### Assignment
In the entries below, begin at the line that has "Esta camisa de", stop after the line that has "Shiny silver beads", and output those lines exactly with no pictures.

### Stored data
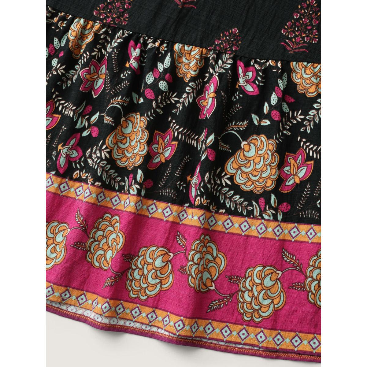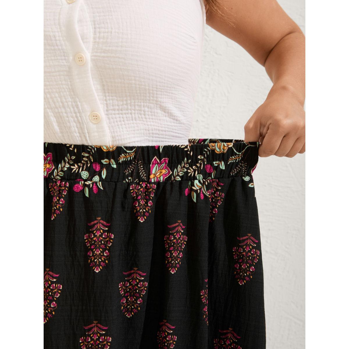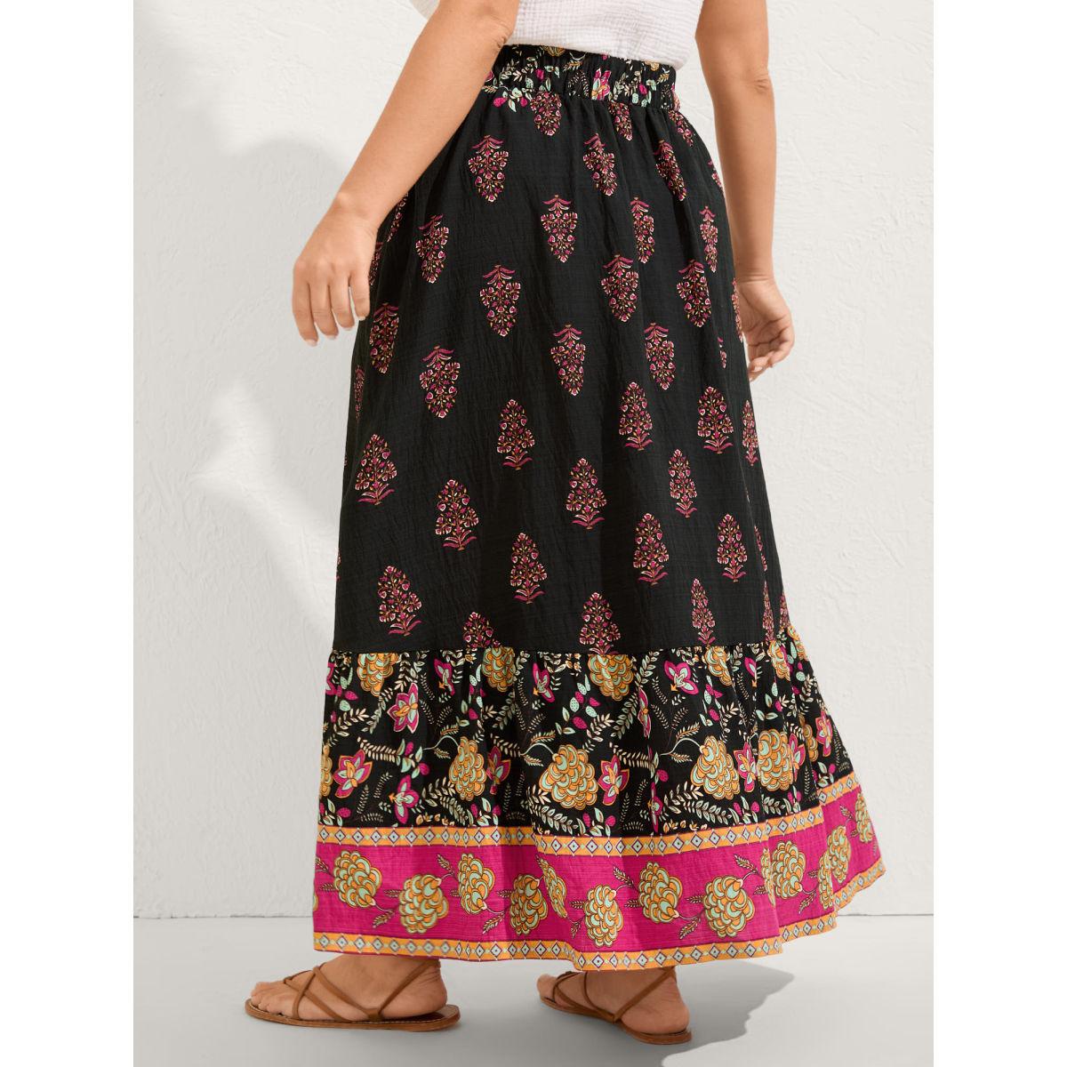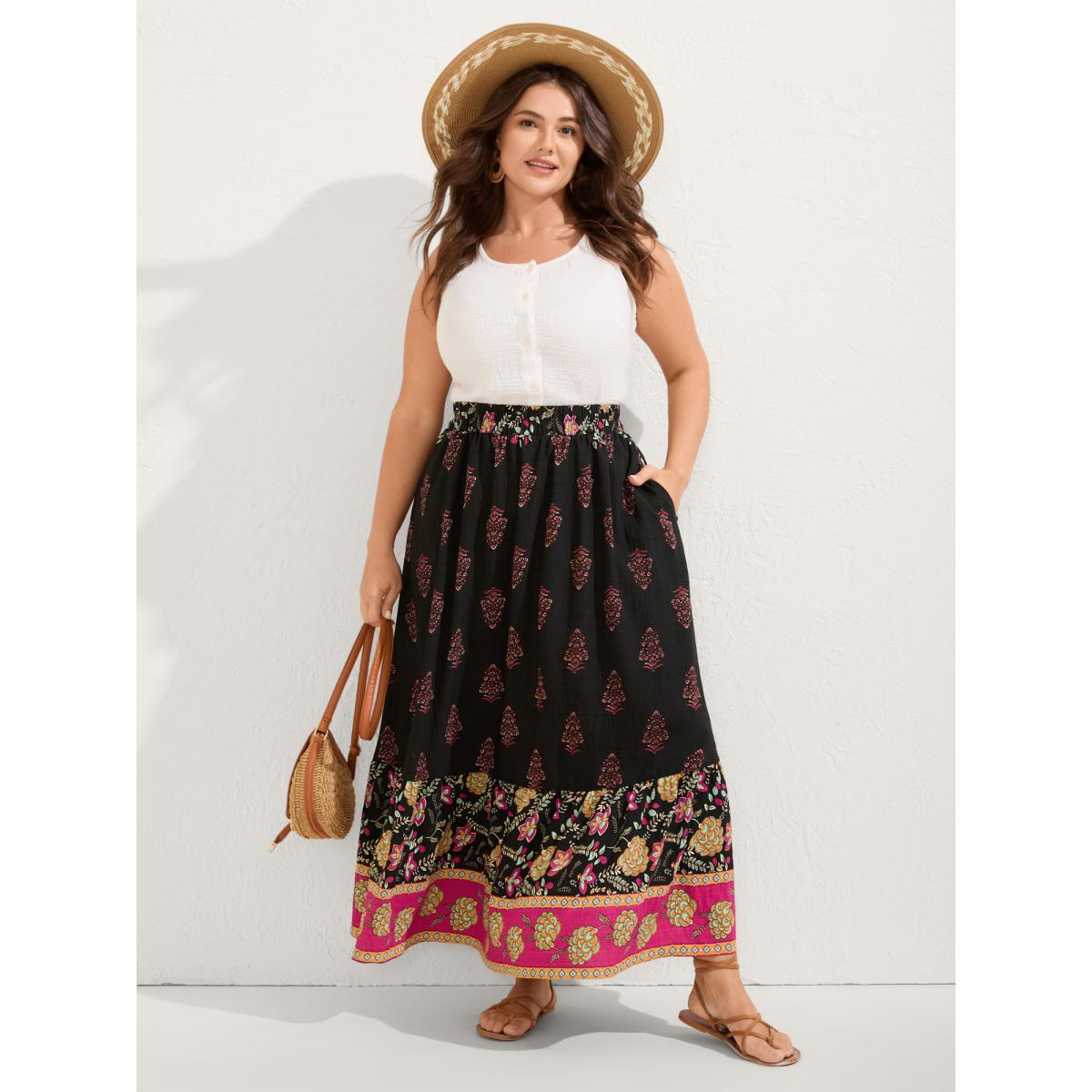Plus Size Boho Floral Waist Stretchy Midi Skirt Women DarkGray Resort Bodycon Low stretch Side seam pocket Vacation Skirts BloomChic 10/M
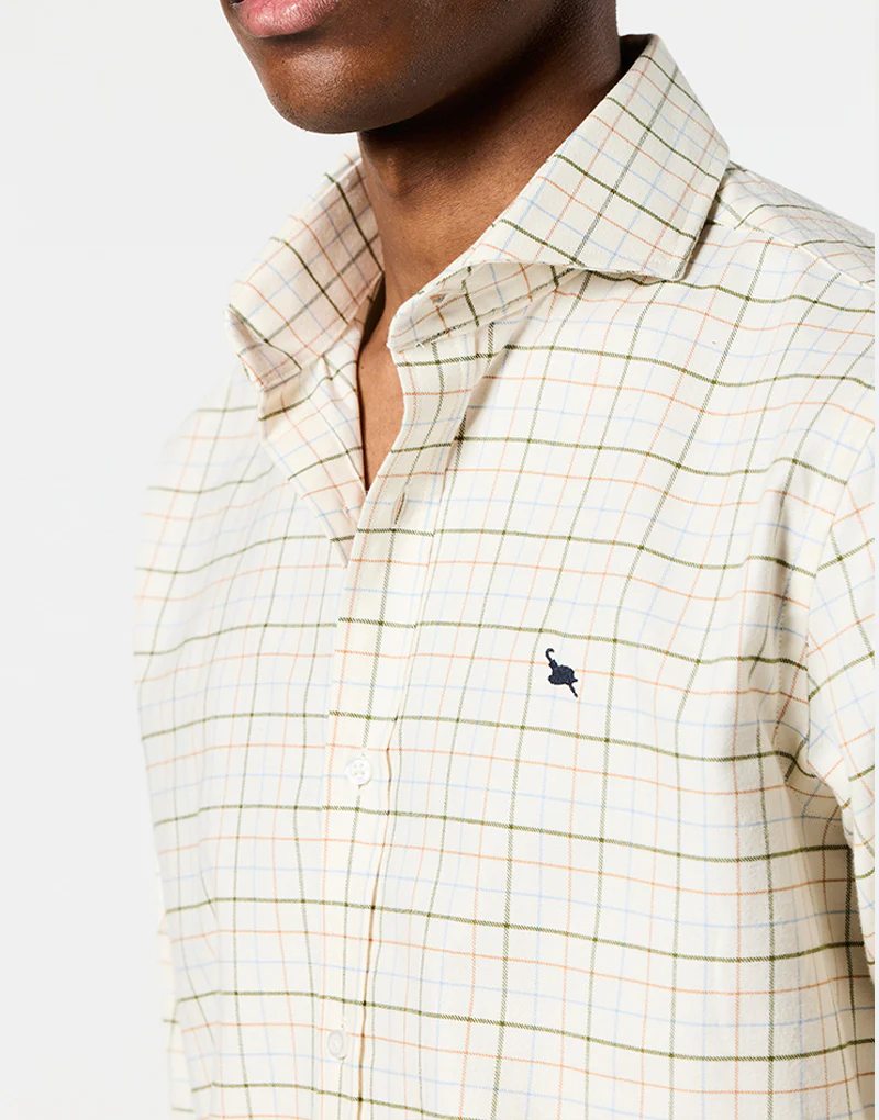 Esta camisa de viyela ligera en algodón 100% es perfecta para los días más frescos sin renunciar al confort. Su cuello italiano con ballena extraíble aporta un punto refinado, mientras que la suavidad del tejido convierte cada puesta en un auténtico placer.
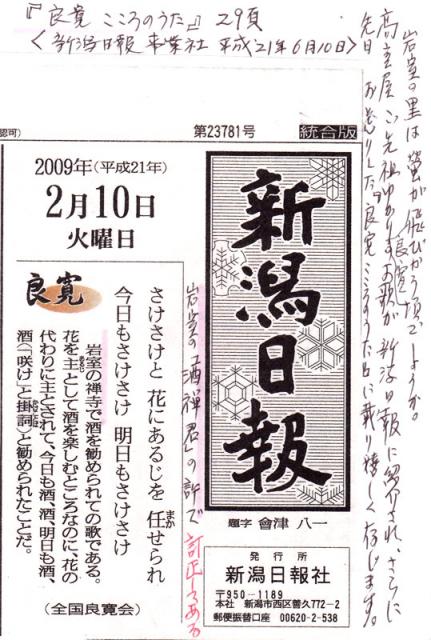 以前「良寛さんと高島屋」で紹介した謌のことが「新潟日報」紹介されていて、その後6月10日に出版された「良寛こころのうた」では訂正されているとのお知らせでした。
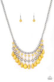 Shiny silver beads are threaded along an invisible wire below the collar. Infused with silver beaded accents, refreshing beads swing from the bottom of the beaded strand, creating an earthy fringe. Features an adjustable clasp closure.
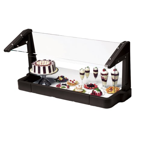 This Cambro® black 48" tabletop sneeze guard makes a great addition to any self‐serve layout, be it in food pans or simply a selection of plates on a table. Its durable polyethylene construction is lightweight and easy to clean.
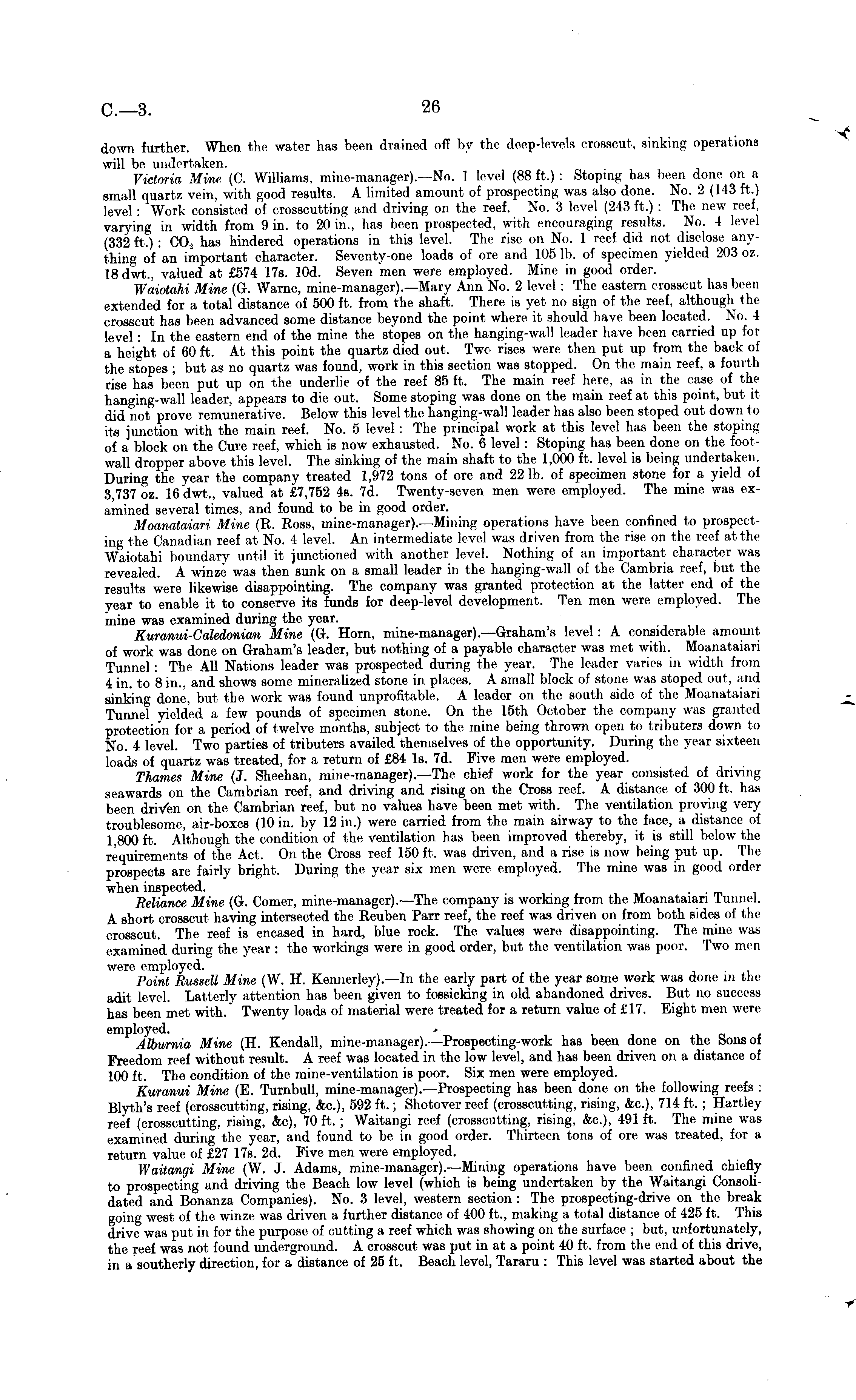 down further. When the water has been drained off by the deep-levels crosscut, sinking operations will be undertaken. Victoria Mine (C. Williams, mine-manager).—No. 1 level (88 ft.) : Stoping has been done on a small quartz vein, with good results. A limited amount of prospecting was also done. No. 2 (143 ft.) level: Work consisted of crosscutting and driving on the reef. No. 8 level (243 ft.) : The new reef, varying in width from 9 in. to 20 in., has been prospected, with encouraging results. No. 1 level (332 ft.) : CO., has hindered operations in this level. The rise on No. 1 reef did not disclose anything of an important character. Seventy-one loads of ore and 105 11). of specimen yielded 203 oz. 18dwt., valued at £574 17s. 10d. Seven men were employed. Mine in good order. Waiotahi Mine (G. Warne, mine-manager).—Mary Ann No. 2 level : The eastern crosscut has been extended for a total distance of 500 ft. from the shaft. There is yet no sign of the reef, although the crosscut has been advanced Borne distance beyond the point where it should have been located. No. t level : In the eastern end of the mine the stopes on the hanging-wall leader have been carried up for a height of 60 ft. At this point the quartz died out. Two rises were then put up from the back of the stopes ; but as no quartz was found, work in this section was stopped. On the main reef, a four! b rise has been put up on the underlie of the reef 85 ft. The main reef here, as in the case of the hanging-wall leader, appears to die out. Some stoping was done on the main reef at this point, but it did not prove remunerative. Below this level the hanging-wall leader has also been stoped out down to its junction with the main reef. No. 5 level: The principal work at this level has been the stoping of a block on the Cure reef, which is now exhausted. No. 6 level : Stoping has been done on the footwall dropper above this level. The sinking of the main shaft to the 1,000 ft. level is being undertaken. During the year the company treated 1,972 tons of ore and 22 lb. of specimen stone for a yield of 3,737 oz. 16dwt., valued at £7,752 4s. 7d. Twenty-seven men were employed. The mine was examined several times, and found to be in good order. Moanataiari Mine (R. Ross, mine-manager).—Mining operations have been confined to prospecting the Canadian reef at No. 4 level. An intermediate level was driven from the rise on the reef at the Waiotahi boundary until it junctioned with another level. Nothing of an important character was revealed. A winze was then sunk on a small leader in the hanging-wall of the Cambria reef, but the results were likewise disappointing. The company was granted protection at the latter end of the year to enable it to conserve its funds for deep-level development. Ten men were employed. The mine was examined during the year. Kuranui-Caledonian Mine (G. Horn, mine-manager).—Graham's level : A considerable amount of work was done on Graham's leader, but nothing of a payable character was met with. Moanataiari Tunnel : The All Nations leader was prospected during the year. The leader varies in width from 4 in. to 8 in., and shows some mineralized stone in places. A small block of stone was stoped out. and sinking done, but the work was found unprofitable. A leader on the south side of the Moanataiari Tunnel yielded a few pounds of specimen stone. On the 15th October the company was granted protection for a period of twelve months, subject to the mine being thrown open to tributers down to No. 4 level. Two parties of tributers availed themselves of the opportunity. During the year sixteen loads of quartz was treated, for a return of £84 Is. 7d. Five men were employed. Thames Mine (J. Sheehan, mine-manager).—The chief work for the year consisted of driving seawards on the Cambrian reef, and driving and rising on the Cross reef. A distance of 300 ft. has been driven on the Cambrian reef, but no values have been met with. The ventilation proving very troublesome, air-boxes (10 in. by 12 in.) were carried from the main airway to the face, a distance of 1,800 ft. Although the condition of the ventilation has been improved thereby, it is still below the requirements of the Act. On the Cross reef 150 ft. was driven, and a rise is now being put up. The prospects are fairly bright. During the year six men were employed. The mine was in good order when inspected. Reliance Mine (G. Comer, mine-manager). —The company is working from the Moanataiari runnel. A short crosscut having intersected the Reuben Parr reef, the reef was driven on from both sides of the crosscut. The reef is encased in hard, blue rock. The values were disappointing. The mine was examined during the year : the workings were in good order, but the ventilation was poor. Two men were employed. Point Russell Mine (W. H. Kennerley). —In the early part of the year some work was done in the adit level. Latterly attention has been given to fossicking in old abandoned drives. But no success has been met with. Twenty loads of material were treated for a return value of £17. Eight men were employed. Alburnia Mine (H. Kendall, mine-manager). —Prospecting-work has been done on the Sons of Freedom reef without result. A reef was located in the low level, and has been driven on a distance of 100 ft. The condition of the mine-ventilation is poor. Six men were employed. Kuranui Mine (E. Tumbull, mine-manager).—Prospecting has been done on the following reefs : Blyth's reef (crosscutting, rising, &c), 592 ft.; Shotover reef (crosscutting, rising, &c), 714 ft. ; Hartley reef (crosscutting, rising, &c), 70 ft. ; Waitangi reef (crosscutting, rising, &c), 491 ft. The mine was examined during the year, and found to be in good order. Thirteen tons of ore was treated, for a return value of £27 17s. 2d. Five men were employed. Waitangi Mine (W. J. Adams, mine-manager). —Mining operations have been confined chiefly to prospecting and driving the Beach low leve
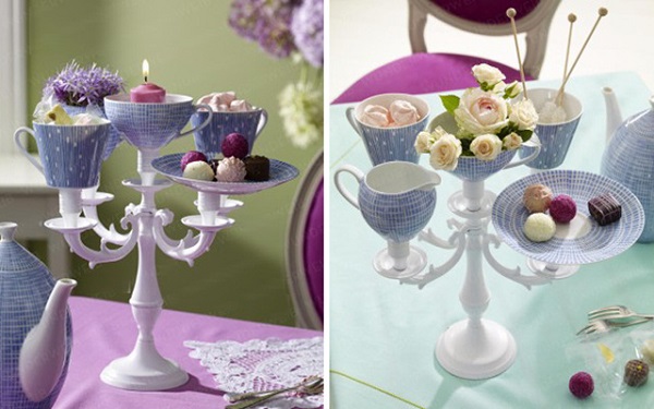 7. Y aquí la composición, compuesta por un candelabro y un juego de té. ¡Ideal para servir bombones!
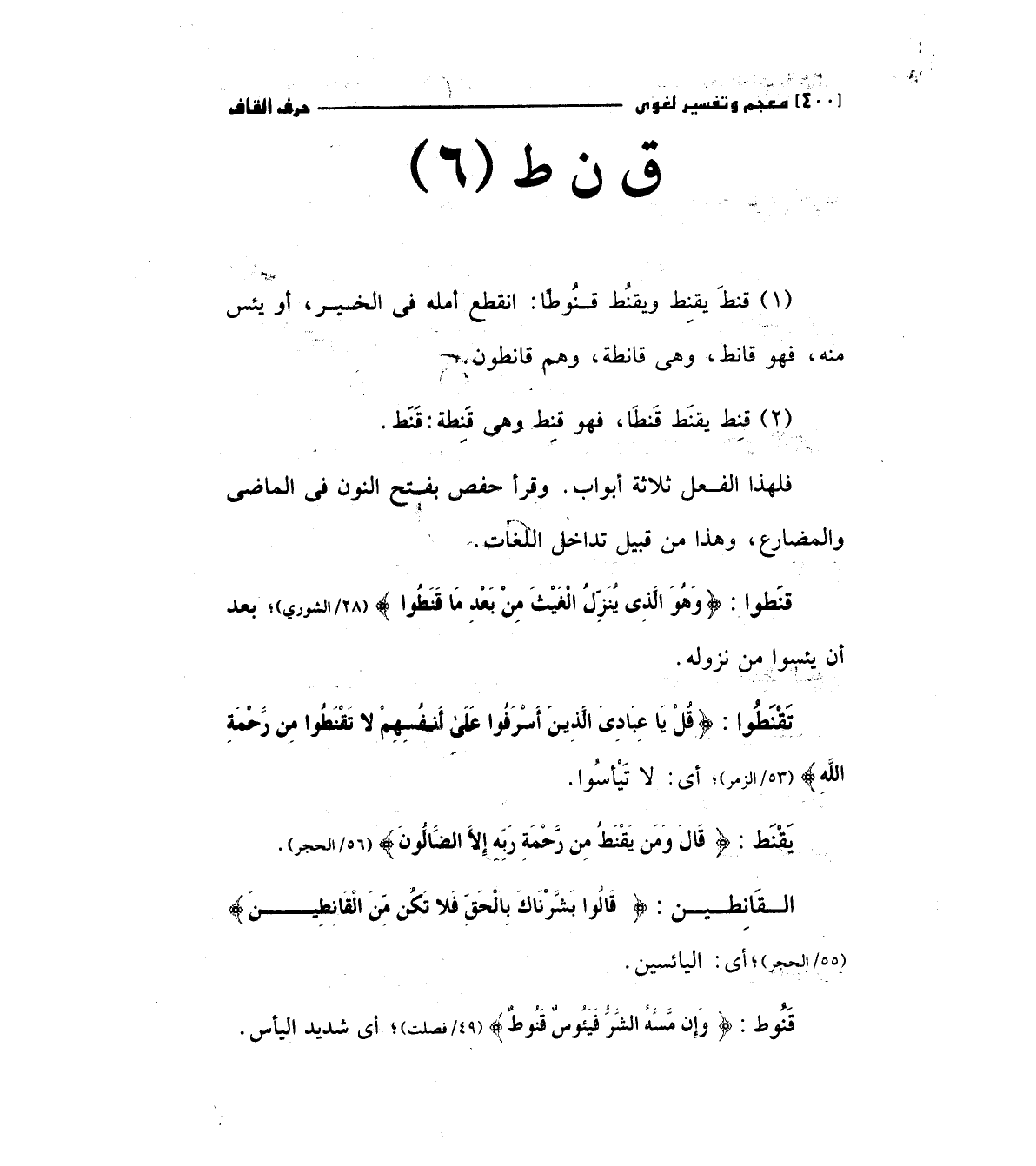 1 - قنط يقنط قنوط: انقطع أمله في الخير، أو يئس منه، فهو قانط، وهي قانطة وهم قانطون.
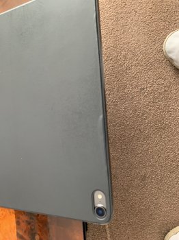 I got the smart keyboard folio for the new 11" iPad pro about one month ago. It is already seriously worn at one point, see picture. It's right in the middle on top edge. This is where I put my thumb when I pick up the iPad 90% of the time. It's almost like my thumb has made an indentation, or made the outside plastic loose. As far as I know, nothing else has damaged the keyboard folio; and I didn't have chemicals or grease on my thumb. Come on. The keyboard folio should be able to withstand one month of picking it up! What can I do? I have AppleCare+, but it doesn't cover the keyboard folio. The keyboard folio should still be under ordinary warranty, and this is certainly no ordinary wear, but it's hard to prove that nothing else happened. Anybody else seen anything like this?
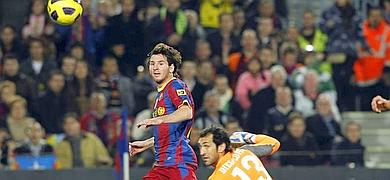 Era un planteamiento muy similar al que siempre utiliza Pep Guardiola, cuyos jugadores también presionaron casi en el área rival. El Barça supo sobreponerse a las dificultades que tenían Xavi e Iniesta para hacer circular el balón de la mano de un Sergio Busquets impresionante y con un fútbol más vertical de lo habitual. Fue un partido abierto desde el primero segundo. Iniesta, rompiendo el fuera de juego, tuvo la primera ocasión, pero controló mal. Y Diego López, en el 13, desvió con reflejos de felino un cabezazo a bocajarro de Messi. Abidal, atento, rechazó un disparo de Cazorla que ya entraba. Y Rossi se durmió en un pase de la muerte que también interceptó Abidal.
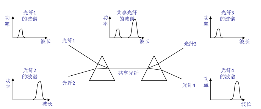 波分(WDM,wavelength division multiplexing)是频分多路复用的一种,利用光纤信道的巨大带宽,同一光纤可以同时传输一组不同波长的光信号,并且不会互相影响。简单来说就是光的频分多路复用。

### Response for this exercise
 Esta camisa de viyela ligera en algodón 100% es perfecta para los días más frescos sin renunciar al confort. Su cuello italiano con ballena extraíble aporta un punto refinado, mientras que la suavidad del tejido convierte cada puesta en un auténtico placer.
 以前「良寛さんと高島屋」で紹介した謌のことが「新潟日報」紹介されていて、その後6月10日に出版された「良寛こころのうた」では訂正されているとのお知らせでした。
 Shiny silver beads are threaded along an invisible wire below the collar. Infused with silver beaded accents, refreshing beads swing from the bottom of the beaded strand, creating an earthy fringe. Features an adjustable clasp closure.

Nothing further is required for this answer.